Broadly speaking, Kozelek and Van Etten are working in a singer-songwriter tradition, but it would be a mistake to assume that the confessional mode is genre-specific. In rap music, for instance, authenticity is a value that remains of central importance. Kendrick Lamar’s good kid, m.A.A.d city (2012) would be an obvious point of reference here. A personal chronicle about growing up in Compton, the album finds Kendrick as a young man riding “four deep in a white Toyota, a quarter tank of gas, one pistol, and orange soda,” and follows him as he deals candidly with the pressures of parents, gangs, and substance abuse.
Nor are lyrics the only means through which an artist can be confessional. Take Margaret Chardiet’s industrial-noise project Pharmakon. In 2013, Chardiet underwent surgery following the collapse of an internal organ. Out of this experience emerged Bestial Burden (2014), an album which begins with a burst of coruscating noise, and the sound of rapid hyperventilation. The lyricism is sparing, but the album is undeniably confessional; Chardiet uses noise to talk about the experience of illness, to convey the fragility of the human body and the fear which that engenders.

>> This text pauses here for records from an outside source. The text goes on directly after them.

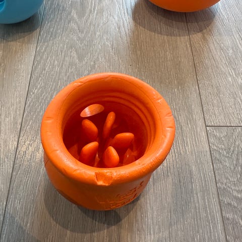 Trenings ball/Leke som lager lyd når den beveger seg. Kan putte hunde godteri oppi som en god trening for hunden din :)
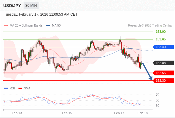 在 153.40 之下,看跌,目标价位为 152.55 ,然后为 152.30 。
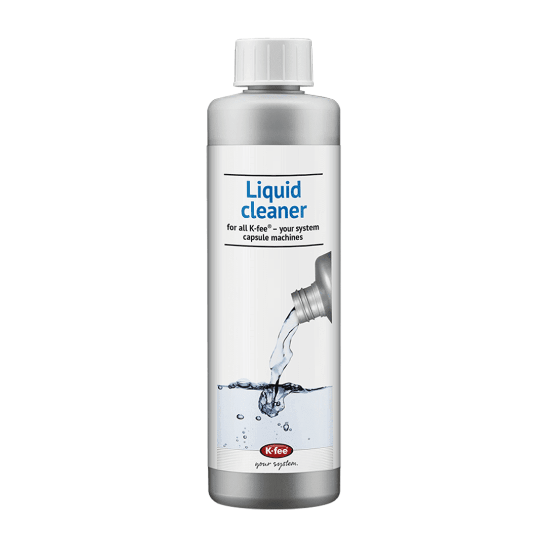 Enjoy the taste of your favourite K-fee beverages pure and natural. A clean machine is the prerequisite for this. Therefore, every K-fee capsule machine has a cleaning function. To clean the inside of your coffee machine, just put a cleaning solution in the water tank and start the cleaning cycle. This prevents the formation of stains and hard deposits. The ideal cleaning fluid for this is the Liquid Cleaner from K-fee.
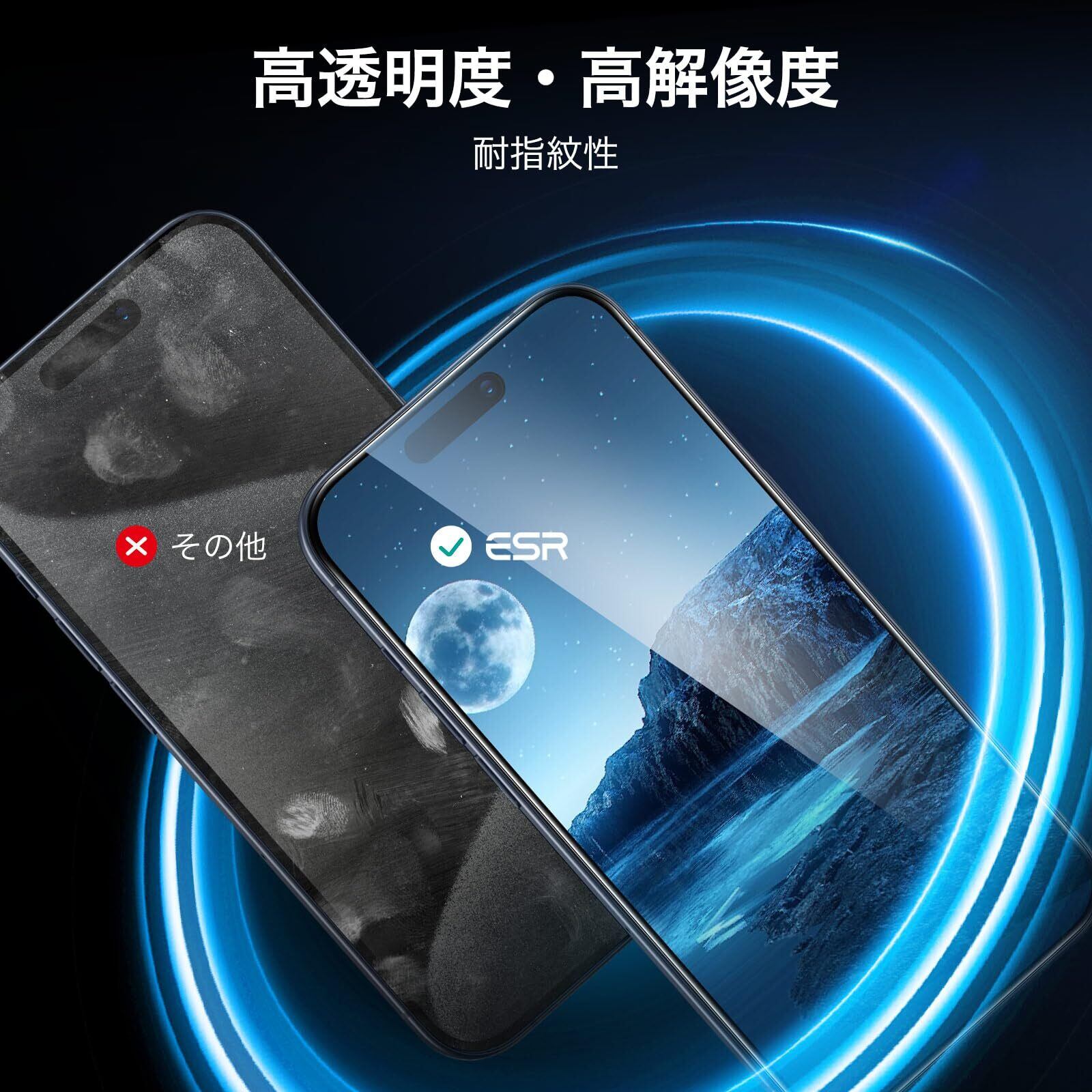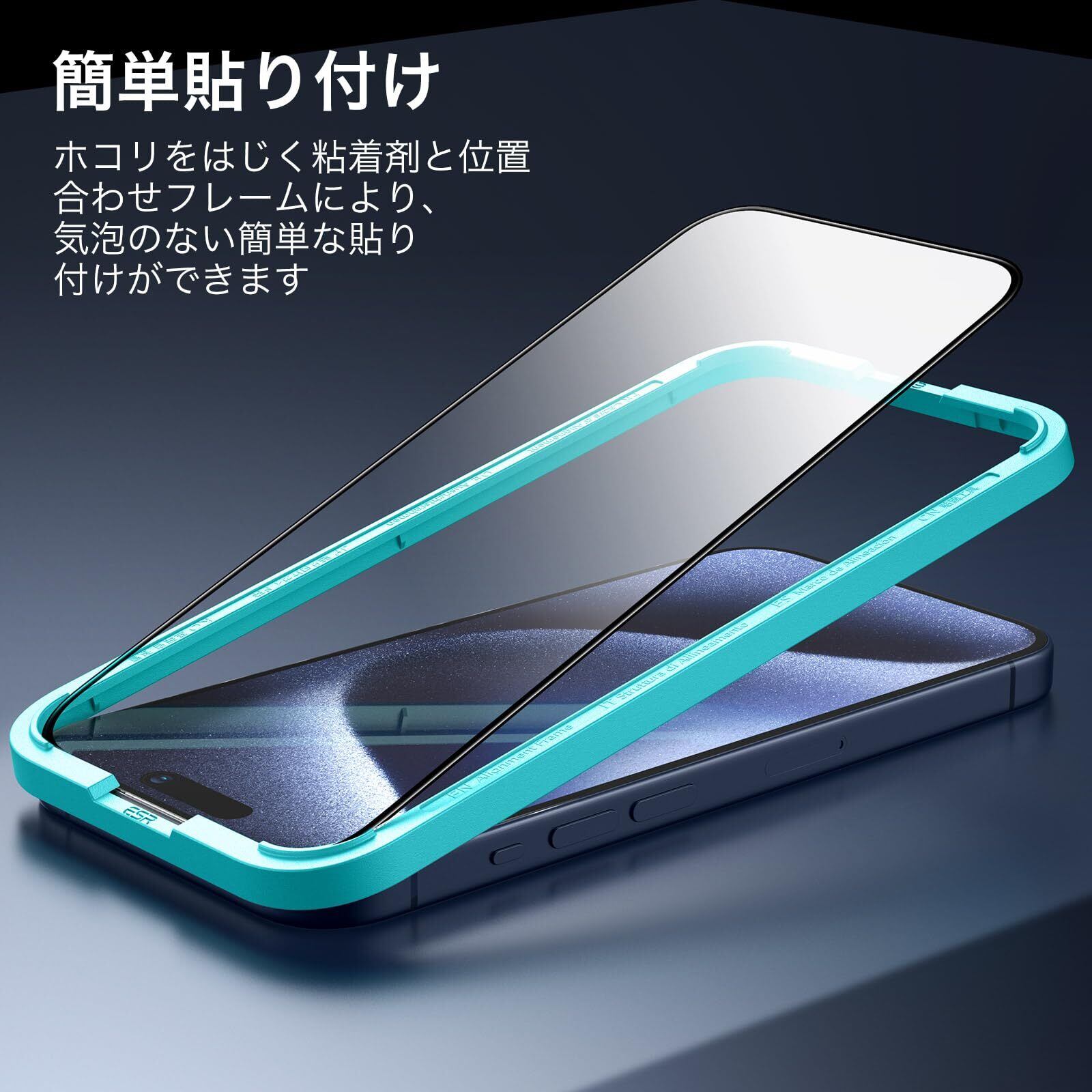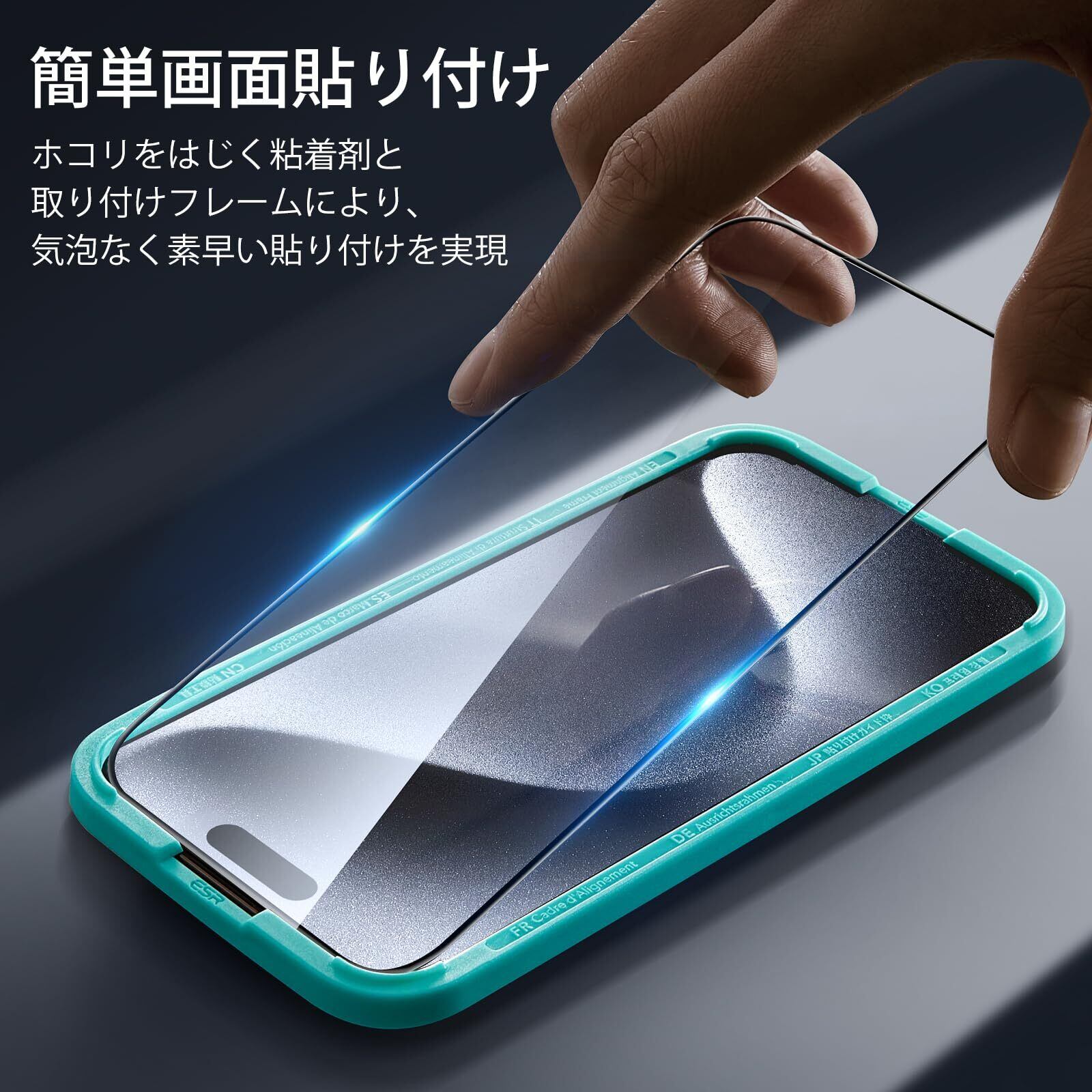 【強化ガラス・3枚入り】ESR iPhone 15 Pro Max ガラスフィルム 強化ガラス保護フィルム ガイド枠付き 3枚セット 2.5Dカーブエッジ フルカバー 米軍MIL規格の保護 傷に強い いPhone15promaxガラスフィルム(6.7 インチ)

The confessional mode exists in the shadow of scepticism, but remains alive and well. Perhaps it even grows better in the shade; the more doubt that is cast on a musician’s ability to communicate honestly, the more they protest against it, risking (and gaining) more in the name of authenticity. Ultimately, we may never be sure of an artist’s honesty; we have to take it on trust. But surely this is part of what music can do; it allows us to trust in -and relate to- what we are hearing.